Professor Dr. Claudio Denzlinger and patient Brigitte Dorsch
Brigitte Dorsch is now 72 years old. She has lived with cancer for 30 years. But in 2017 he seemed to have beaten it. Because a new tumor in the throat proved to be resistant to therapy. "I was told chemotherapy could prolong my life some more, but I didn’t want to put myself through that hardship. So I had myself transferred from the hospital to die at home," she recalls. Then she learned about a modern immunotherapy with checkpoint inhibitors that was newly offered at Marienhospital. In 2018, its inventors were even awarded the Nobel Prize in Medicine for it – quite rightly, in Brigitte Dorsch’s view. "The drug worked, the cancer disappeared, and currently I am cancer-free and doing well," she says.
Tumor on the tonsils
In 1989, Brigitte Dorsch felt a strange thickening in her throat. "My doctor thought it was tonsillitis and gave me antibiotics," says the Ludwigsburg native. When the complaints persisted and she was examined more closely, it turned out that Brigitte Dorsch was suffering from cancer of the tonsils.

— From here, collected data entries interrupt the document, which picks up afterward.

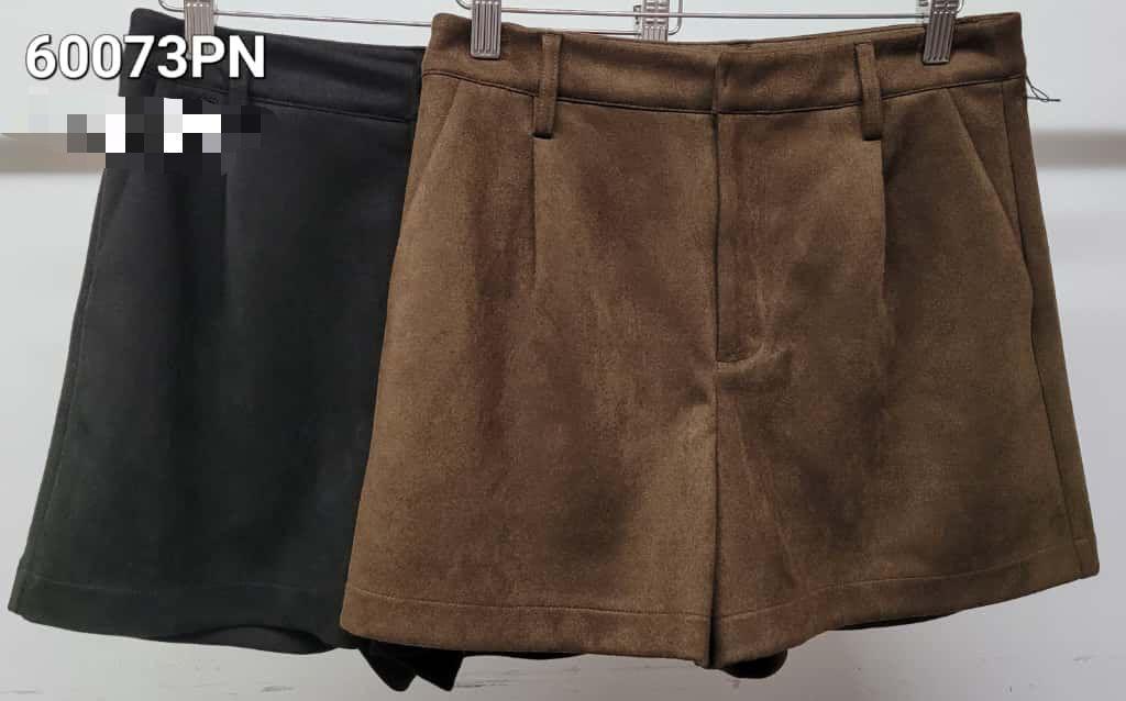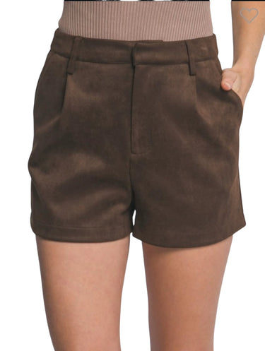 Short tipo sastre confeccionado en tejido de antelina (efecto gamuza), suave al tacto y con acabado aterciopelado que aporta elegancia y confort.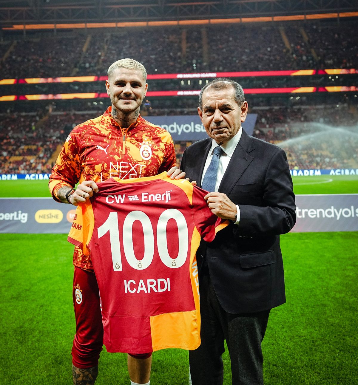 Süper Lig’in 11. haftasında Ali Sami Yen Spor Kompleksi’nde yapılan Trabzonspor mücadelesiyle sarı-kırmızılılarda 100. resmi maçına çıkan Icardi’ye, Galatasaray Başkanı Dursun Özbek, saha kenarında plaket ve üzerinde 100 yazılı sarı-kırmızılı forma takdim etti.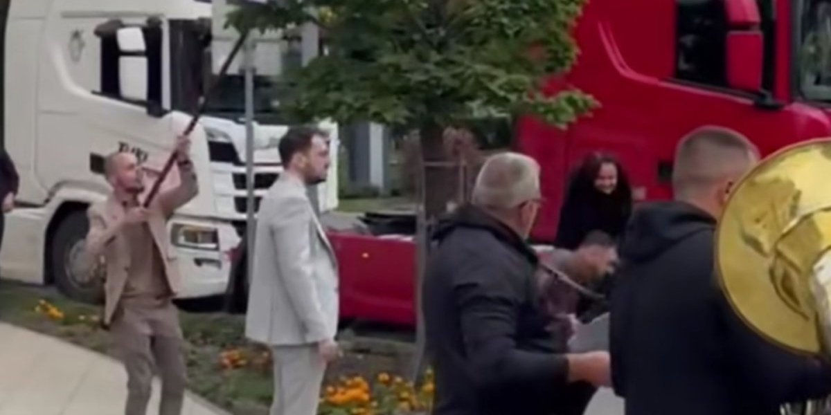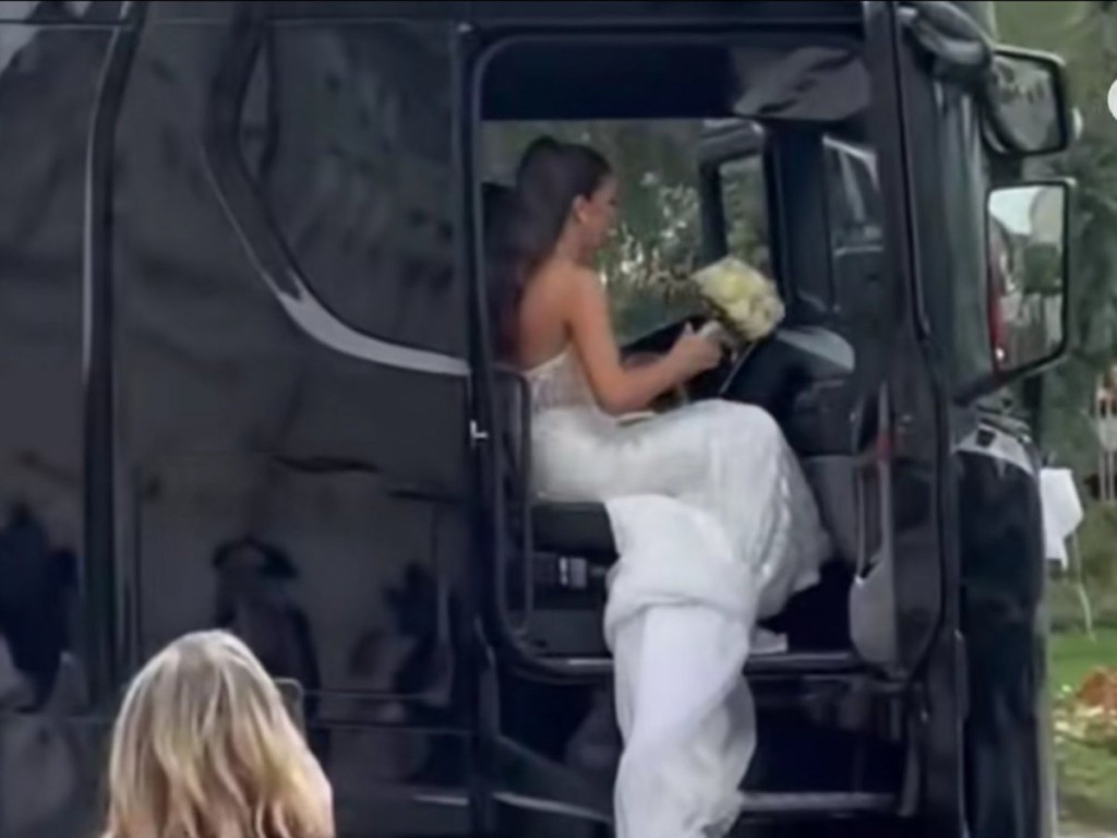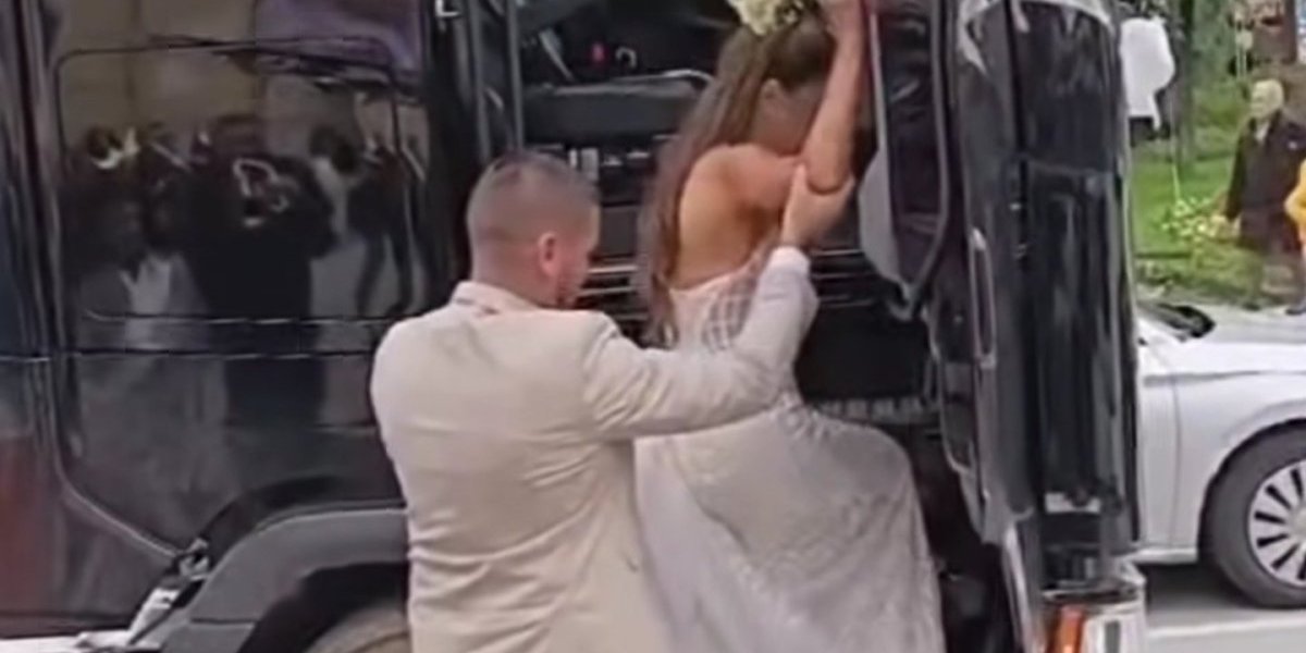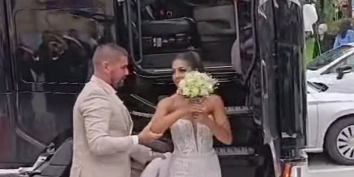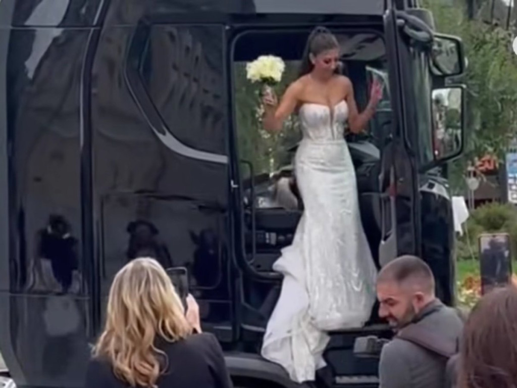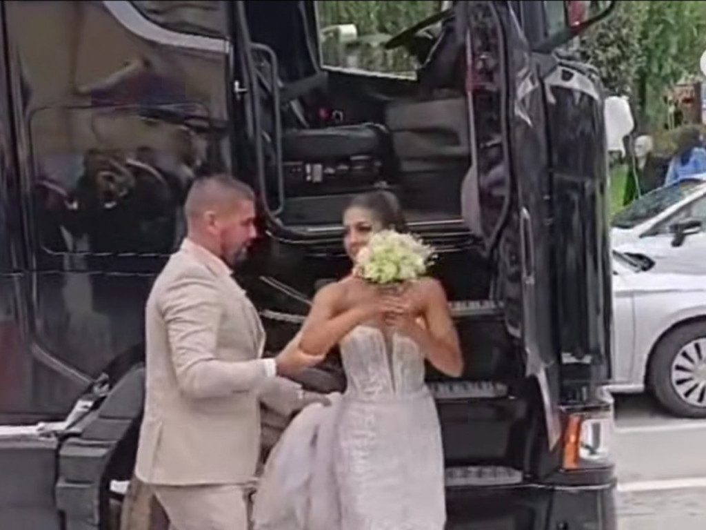 Dok je mlada stajala u kamionu pored otvorenih vrata i cupkala uz trubače, Nemanja je izašao iz kamiona i pomogao svojoj izabranici da siđe.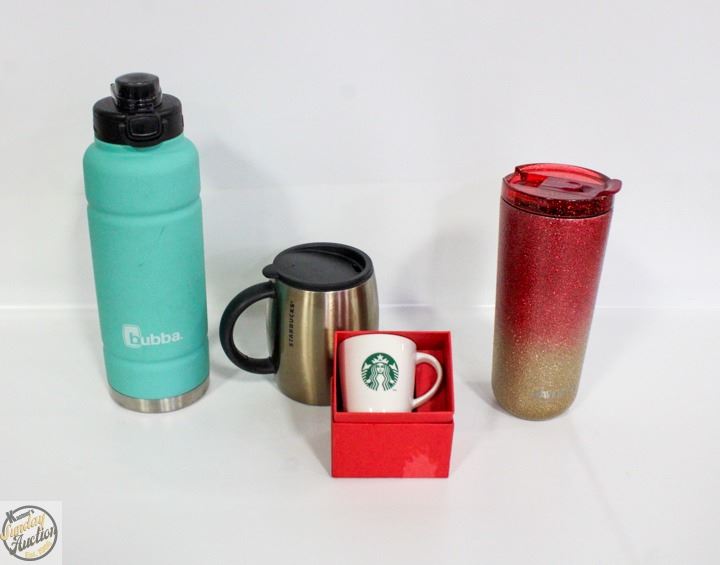 STARBUCKS/DAVIDS TEA/BUBBA MUGS AND TUMBLER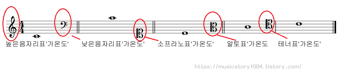 이 '가온도'의 위치를 위와 같이 여러 종류의 음자리표를 사용해 나타낼 수 있습니다.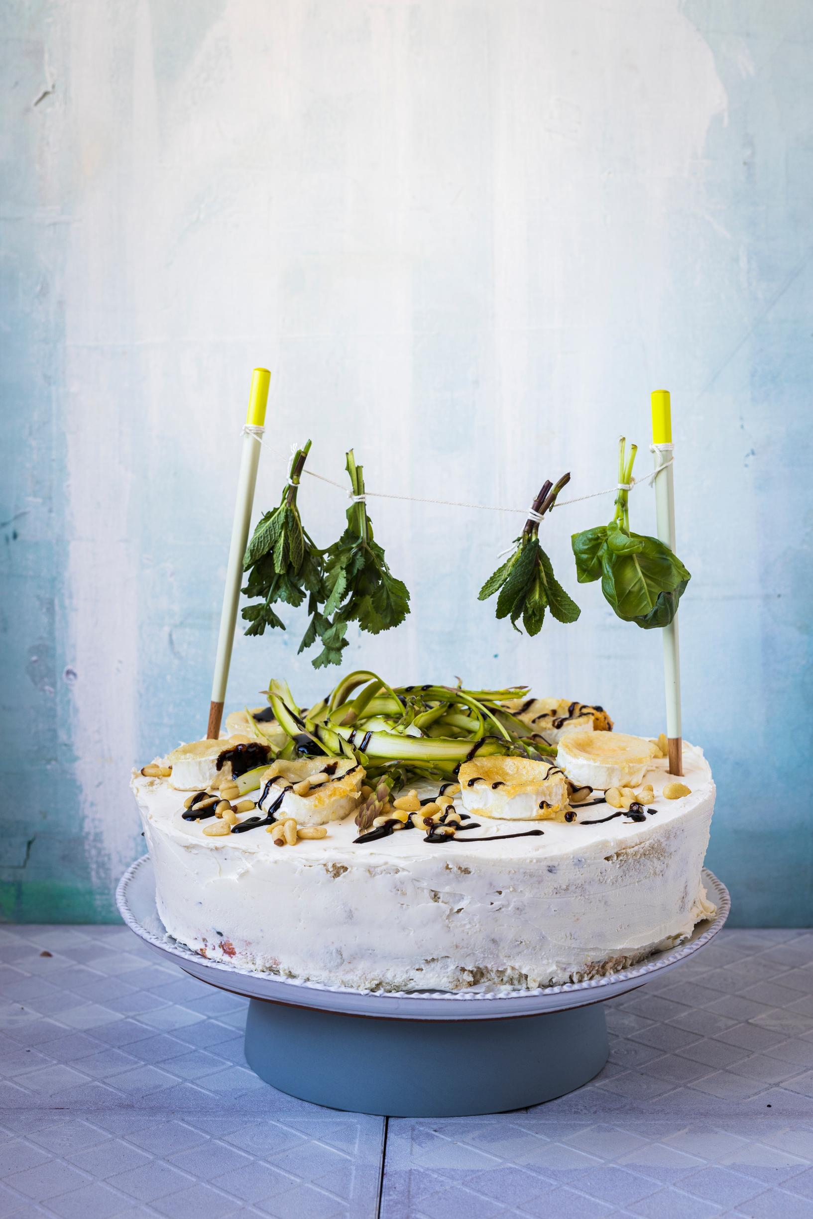 Vuohenjuustosalaatin maku yhdistettynä vihreään tuoreeseen parsaan tekee tästä voileipäkakusta keväisen juhlapöydän hitin. Nappaa resepti!
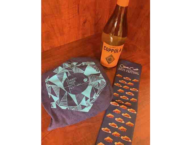 Enjoy Francis Ford Coppola Diamond Collection Chardonnay 2017 California, USA, along with a Cherry Creek Arts Festival Cherry Pie socks and a men's XL CCAF shirt.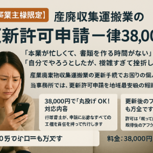 【個人事業主限定】産廃収集運搬の更新代行が38,000円!地域最安値に挑戦中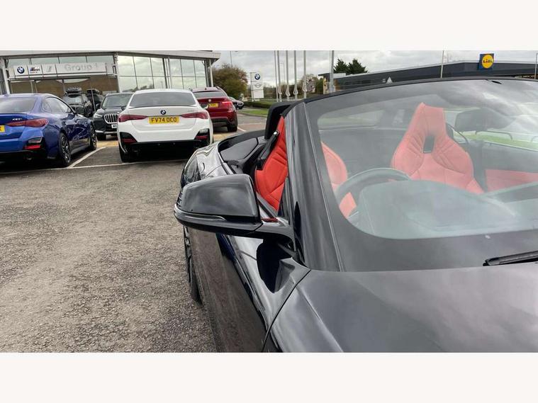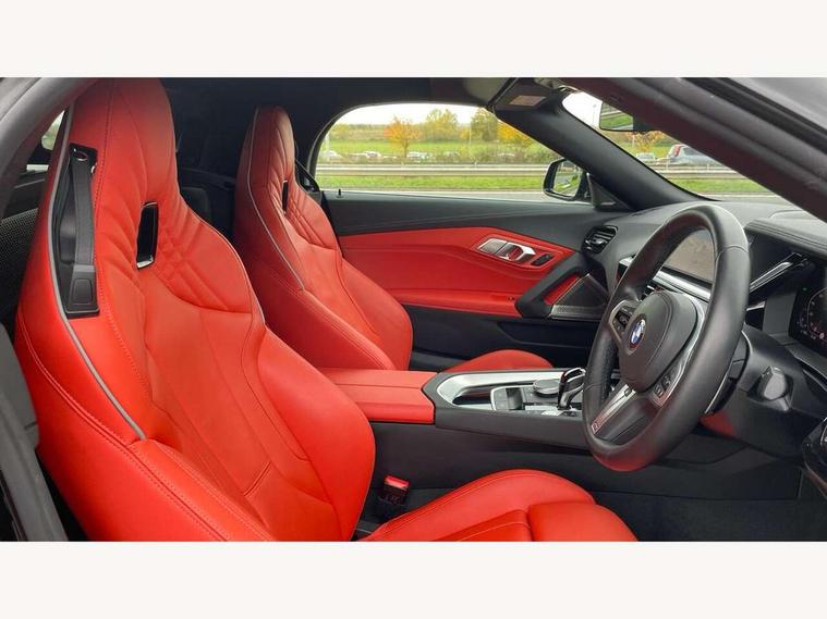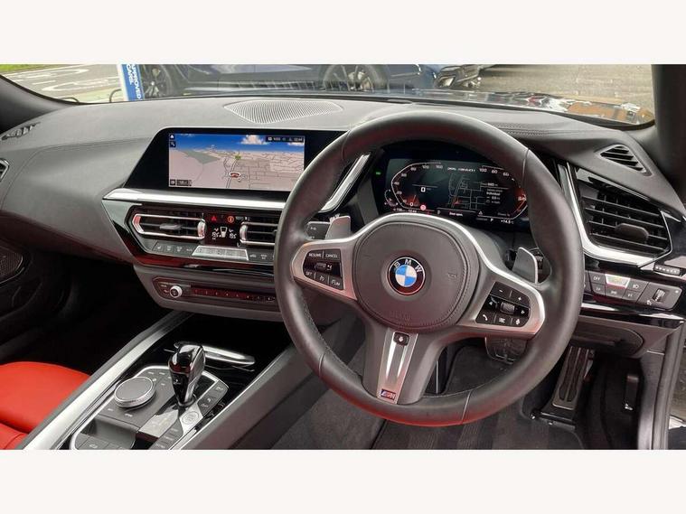 Active guard plus incl speed limit assist, lane departure warning with steering impulse and front collision warning with brake intervention, Auto start-stop, BMW ConnectedDrive online services, BMW Live Cockpit Professional with 10.25" high resolution instrument and control display, BMW Teleservices, Condition based service, Electric power steering, Fuel gauge, IDrive, Instrument cluster, Language version English, Oil sensor for level and grade, warning by check control system, Oil temperature gauge, Optimum shift indicator, Pull away assistant, Run flat indicator, Smartphone integration, Speed limiter, Speedometer with mph readout, Tachometer, Variable sport steering, Adaptive M suspension, Double joint spring, Double VANOS, Drive performance control with ECO PRO comfort + sport mode, Eight speed steptronic sport transmission, with gearshift paddles, Fuel tank breather system, High precision injection, M Sport differential, 2x USB Type C ports in front centre console for charging and data transfer, 2x USB Type C ports in rear centre console for charging, DAB tuner, USB connection, 3rd brake light, Automatic headlight beam throw control with load dependent regulating reaction, dynamic compensation of braking dive and acceleration squat, Cerium grey exterior mirror housing, Door sill finishers with M designation, Door sill strips, Dynamic braking lights comprising activated hazard warning flashers and third brake lights, Electric heated rear window, Exhaust tailpipe - split left and right, Exterior mirrors - electrically folding with anti-dazzle, Fingertip control / anti-trap function on electric window, Follow me home headlight function, Front and rear bumper system with replaceable deformation elements, Green tinted heat protection glazing, Heated windscreen washer jets, High gloss black window recess finisher, High gloss shadow line, Interior rear view electrochromatic mirror with automatic anti dazzle function, Kidney grille in mesh design, LED daytime driving lights, LED Indicators, LED rear lights, Lightweight engineering, Model logo, Rain sensor, Rear boot, Tailgate release handle, Two stage brake force display, Visible VIN plate, Welcome lighting, Windscreen wipers with adjustable interval, 12V power socket in front storage compartment, Activation of interior lighting, Additional storage compartment - 4 lashing eyes, strap and storage net, Ambient lighting, Battery in luggage compartment, BMW ID, Child seat ISOFIX attachments for passenger seat, Cupholder, Driver and front passenger heated seats, Driver and front passenger lumbar support, Electrically adjustable front driver and passenger seats with memory, Front and rear armrests integrated in door trim + centre console includes storage compartment and rear centre armrest includes 2 cupholders, Front and rear velour floor mats, Front headrests, Height adjustable mechanically and infinitely variable steering column, Illuminated glovebox, Luggage compartment light, M sport leather steering wheel, M Sport seats for driver and passenger, Microfilter and active carbon filter, Multifunction steering wheel, Single front passenger seat, Sunvisors with vanity mirrors and ticket pocket, Two zone automatic air conditioning, Vernasca leather upholstery, Connected package professional - Z4, 3 point front seat belts, Airbags - Front driver and passenger, front and side impact protection, Anti lock braking system (ABS) with brake assist, Automatic Stability Control (ASC), BMW emergency call, Brake energy regeneration, Braking readiness, Cornering brake control (CBC), Crash sensor activating central locking release, hazard warning lights, fuel cut off, interior lighting, safety battery terminal clamp and airbags, Deactivation of fuel pump in the event of a crash, Dry braking, Dynamic brake control, Dynamic stability control + (DSC+), Dynamic Traction Control - DTC, Electromechanical parking brake with automatic drive away release and auto hold function, Front and rear brake discs with interior ventilation, Head airbags, M Sport brakes with blue calipers M designation in front, M sport seatbelt, Plastic fuel tank, Pyrotechnic seat belt tensioners, Roll over protection, Seat belt force limiter, Seat belt stopper, Seat occupancy protection, Two tone horn, Tyre pressure monitoring with three level warning strategy, Warning triangle, Centre lock switch, Closing system with central locking, Electronic vehicle immobiliser, Start/stop button with Comfort Go keyless engine start and auto Start/stop deactivation button, Thatcham cat 1 remote alarm, Sensatec dashboard, 19" Double spoke M light alloy wheels in bicolour cerium grey - style 800M, Reduced rolling resistance tyres, Tool kit, Tyre repair kit,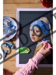 Диамантеното рисуване от GRAFIX предлага успокояващо творческо преживяване. С апликатора и восъка поставяте камъче по камъче на обозначените места върху платното с лепилен слой и постепенно създавате сияйна картина на емблематичния мотив Момиче с перла с размер 40 × 50 cm.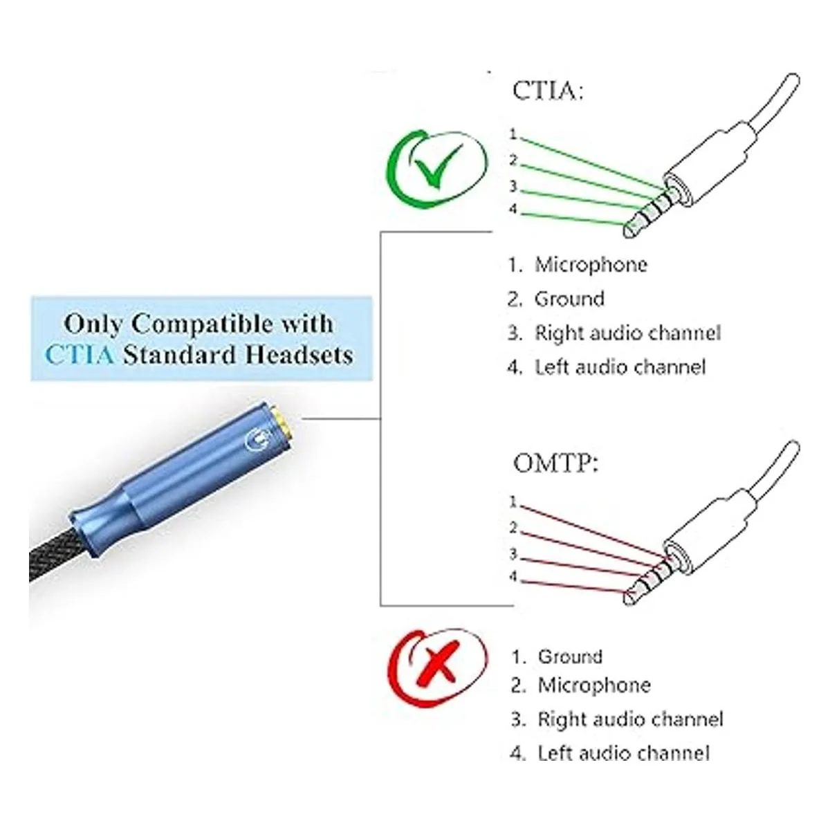 Excelente compatibilidad: el divisor de auriculares de 0.138 in te permite conectar la mayoría de dispositivos con un solo conector combinado de 0.138 in, como PC, laptop, tablet, Xbox, PS4, smartphones, etc. El diseño de carcasa metálica azul mar permite utilizar el divisor TRRS 3.5 con dispositivos caros, conveniente y elegante, una solución perfecta para llevar en tu bolsa de portátil.

"The tumor was operated out in 1990 at the ENT clinic at Marienhospital. Before that, I smoked one last cigarette and then never again, because the cancer probably came from smoking, too," she recalls. After surgery and radiation, Brigitte Dorsch was initially cured of cancer. But eight years later, the disease flared up again: in 2007, tumors were removed from her buccal mucosa and left lung. "But I recovered well after that and had eight more healthy years," says Brigitte Dorsch. In 2015 she got cancer again. "A tumor deep in the throat. The six weeks in the hospital with radiation and chemo were incredibly hard," she says.
Home to die
Despite the strenuous treatment, the tumor did not disappear completely. It continued to grow over time. Brigitte Dorsch got pneumonia. Because due to a tumor-related dysphagia, food had entered the lungs. The patient had to be fed through a stomach tube. "Another radiation was not possible because I had already received the maximum dose. I was offered another chemo. But it would probably only have prolonged my life by a few months. I was discharged from the hospital and went home to die."
New therapy saved her
Because of her pneumonia, Brigitte Dorsch was also treated at the Marienhospital Pneumology Department (focus on pulmonary medicine at the Clinic for Internal Medicine 2). "A doctor there told me that at Marienhospital, modern immunotherapy with checkpoint inhibitors was being performed. And so I presented to Professor Denzlinger," she says. The cancer expert is medical director of the Clinic for Internal Medicine 3 and head of the interdisciplinary center for oncology (cancer) at Marienhospital. "Professor Denzlinger told me that immunotherapy is effective in only about 20 percent of patients, but that it often works surprisingly well when it does. I had nothing to lose, so I agreed," she says.
In November 2017 the treatment began. "I came in every two weeks for outpatient immunotherapy and was given a drip of the drug nivolumab a total of 33 times for about two hours each time," Ms. Dorsch said. "The remedy worked, the ENT tumor disappeared, as did several daughter tumors," recalls Professor Denzlinger. However, Annette Dorsch suffered from severe side effects. "Mrs. Dorsch’s joints became inflamed. We had to treat this with cortisone and temporarily interrupt the therapy with nivolumab," says the cancer expert. But after 66 weeks of treatment the body was almost cancer free. Only a small tumor in the lung was still present. In early September 2019, she had this removed in the thoracic surgery of the Marienhospital, then Brigitte Dorsch was cancer-free.
Long life despite cancer?
The checkpoint inhibitors ensure that a patient’s dysfunctional immune system is restored to its ability to destroy cancer cells, which, after all, are also found in every healthy body. Professor Denzlinger: "Many experts hope that through the interaction of such new and tried and tested therapies, cancer will eventually become a disease with which one can almost always grow old."Living with cancer" is a current buzzword in cancer research, loosely translated as "growing old despite cancer.". And Brigitte Dorsch says: "It would be nice if, in a few decades, cancer were something like high blood pressure, sugar or AIDS are today. Even if these diseases are not curable yet, you can grow old with them and live a good life for a long time."
CONTACT – Clinic for Internal Medicine 3
Professor Dr. Claudio Denzlinger is Medical Director of the Clinic for Internal Medicine 3 at Marienhospital. Together with ten other doctors, he treats around 1,200 cancer patients as inpatients and more than 4,000 as outpatients there every year.